In particular, sections 125 and 126 of the Bill extend the reach of the Defective Premises Act 1972 (the “DPA”) in two important ways. First section 125 extends what is caught by the DPA. Second section 126 increases limitation under the DPA.
Section 125 – extending the reach of the DPA
Section 125 of the Bill will only apply to “…work completed after the coming into force of this section”: unlike section 126, its effect is not intended to be retrospective.
Section 125 (3) (b) of the Bill makes clear that anyone who acquires an interest in a dwelling in the building, whether that interest is equitable or legal, will be owed a duty under the DPA. This should make it easier for people who previously were hamstrung by the way leasehold interests were granted to still make bring claims for problems which arise with the freehold.
The Bill also provides at section 125(1) that if a person A gives instructions to person B to carry out work, then person B can rely on those instructions as a defence to any claim. However, that defence does not apply when person A simply tells person B to carry out a specific design. It therefore seems that for any potential defendant to rely on this provision they will have to show that they acted on specific instructions. Even then the potential defendant still has a duty to warn of “any defects in the instructions”. It will therefore only be in limited circumstances when the potential defendant can rely on the fact that they were given instructions to carry out certain works in a certain way.

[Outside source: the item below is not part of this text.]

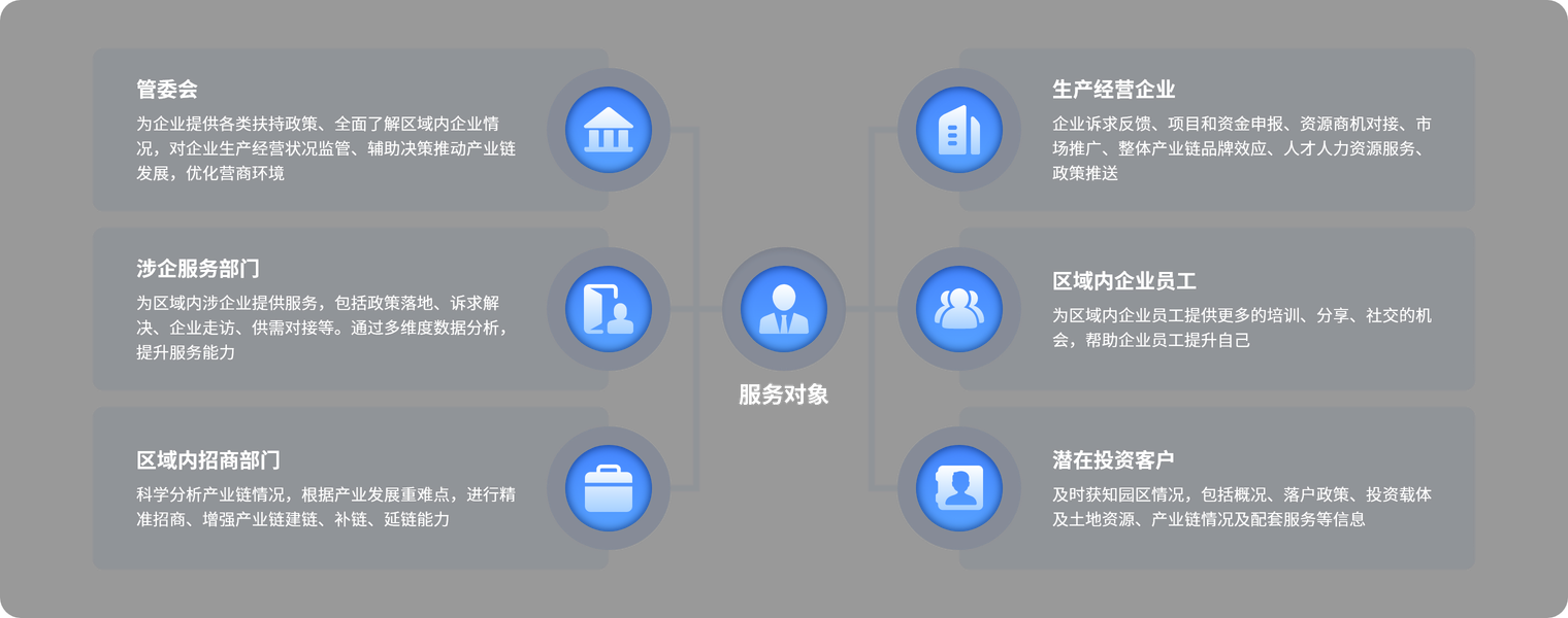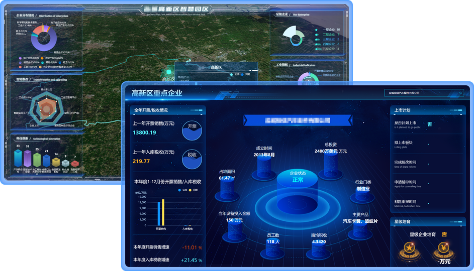 展示园区总体概况 地图缩放可搜索园区的规上企业 对企业的概况一目了然 便于园区进一步的政策指导。

The most eye catching changes to the DPA which arise from the Bill are in relation to limitation. Under section 125 (1) (8) the Bill provides that when works are carried out to rectify works already done, then time starts to run again in relation to those further works. On a quick reading of this section it may appear that parties can rely on the DPA for all repair works. That is not quite right as it is only when works are carried out to remedy initial problems falling under the DPA that the new limitation period starts. It would hopefully be the case that if initial works were done to a building which rendered them unfit for human habitation (which is the broad test for liability under the DPA) then remedial works would not cause other problems which similarly left the building unfit for human habitation. Therefore, this provision may not see the light of day very often.
Whilst the changes set out above will only apply to works complete after the Bill comes into force (see section 125 (2)), it may however cause some interesting issues for works which are ongoing when the Bill comes into force as parties working on those projects will find that the duties they owe at the end of the project have expanded when compared to the start of the project.
Section 126 – extending limitation retrospectively
Under section 126 of the Bill, the time period for bringing a claim under the DPA is significantly extended from 6 years to 15 years from the completion of the building. The extension is intended to be retrospective, so in principle it could remove accrued limitation defences.
The Bill does provide (in section 126 (5)) that a court will dismiss a claim against a defendant if it would have been barred by the current six year limitation period and allowing the claim to continue would be a breach of the defendant’s rights under the Human Rights Act 1986. How this provision will work in practice will be discussed in a different note.
Also section 126 (6) expressly states that if a claim was settled or determined before the bill came into force, then a claimant cannot rely on this extended limitation period. It would seem that provision was not necessary as the Bill does not resurrect claims which were compromised, or concluded, but given section 126 (6) there can be no doubt about the position.
Substantial contractors are used to carrying out works under a deed, which brings a limitation period of 12 years, so this is not such a huge change for them. Subcontractors may well feel this more keenly as their liability to any owners of any properties was limited to six years under the DPA. Having said that, under the Civil Liability (Contribution) Act 1976, a subcontractor may find that they face a contribution claim from a contractor two years after the contractor’s claim was concluded.
It appears from the explanatory notes to the Bill that the intention is that section 126 of the Bill will come into force two months after the Bill came into force. Whilst that notice period may be welcome to some developers, it is unlikely that will make any real difference.
Whilst this provision may help some property owners, the Bill may not provide as much increased protection as it first appears. Given the turnover of construction companies, particularly ones involved in cladding, it may be that after 15 years, a number of the potential defendants may no longer be in business.